From an early age, Ruth Fulton Benedict was an acute questioner of the world around her. In an early journal, the young Ruth wrote:

The trouble with life isn’t that there is no answer, it’s that there are so many answers. There’s the answer of Christ and of Buddha, of Thomas à Kempis and of Elbert Hubbard, of Browning, Keats and of Spinoza, of Thoreau and of Walt Whitman, of Kant and of Theodore Roosevelt. By turns their answers fit my needs. And yet, because I am I and not any one of them, they can none of them be completely mine.

Ruth Benedict

One of the first women to make major contributions to the study of anthropology, Benedict also helped to popularize the subject for wider audiences. Moreover, Benedict proved women had unique and fresh perspectives that enlarged the world of science. In a field dominated by men until the early 20th century, Benedict left an indelible impact on her successors, leaving behind a body of work that is still widely read and studied by anthropologists as well as the broader public.
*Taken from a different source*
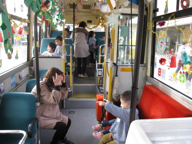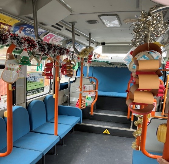 今年もクリスマスの時期が近づいてきました。それに先駆けて12月1日に広谷保育所、12月7日に上下保育所の園児たちにバス車内をクリスマス仕様に飾りつけしてもらいました。いつもと違うクリスマス一色になったバスを前に園児たちからは笑顔がこぼれ少し早めのクリスマス気分を味わっていました。子供たちからは「楽しかった」「またやりたい」「運転手さんになりたい」などの感想を聞くことができ、私たちもお手伝いをしながら園児たちの笑顔に和まされる一日となりました。

Remembered as an important scientist, Benedict was a multifaceted woman with many interests that escaped the borders of science; at Vassar’s centennial commemoration of Benedict’s life in 1987, she was celebrated not only as an anthropologist but also as a feminist and a poet.  Benedict’s passion for writing and poetry, which she began to develop as an introverted adolescent, helped her to produce unique and complex works on the cultures she studied.

Benedict came to anthropology relatively late, studying under Franz Boas at Columbia University when she decided to go back to school to pursue a post-graduate degree. Best known for Patterns of Culture (1934) and The Chrysanthemum and the Sword: Patterns of Japanese Culture (1946), which remain key anthropological and cultural works, Benedict also wrote Zuni Mythology (1935) and Race: Science and Politics (1940). Her most widely read book, Patterns of Culture—translated into 12 languages—has sold over 2 million copies in English alone.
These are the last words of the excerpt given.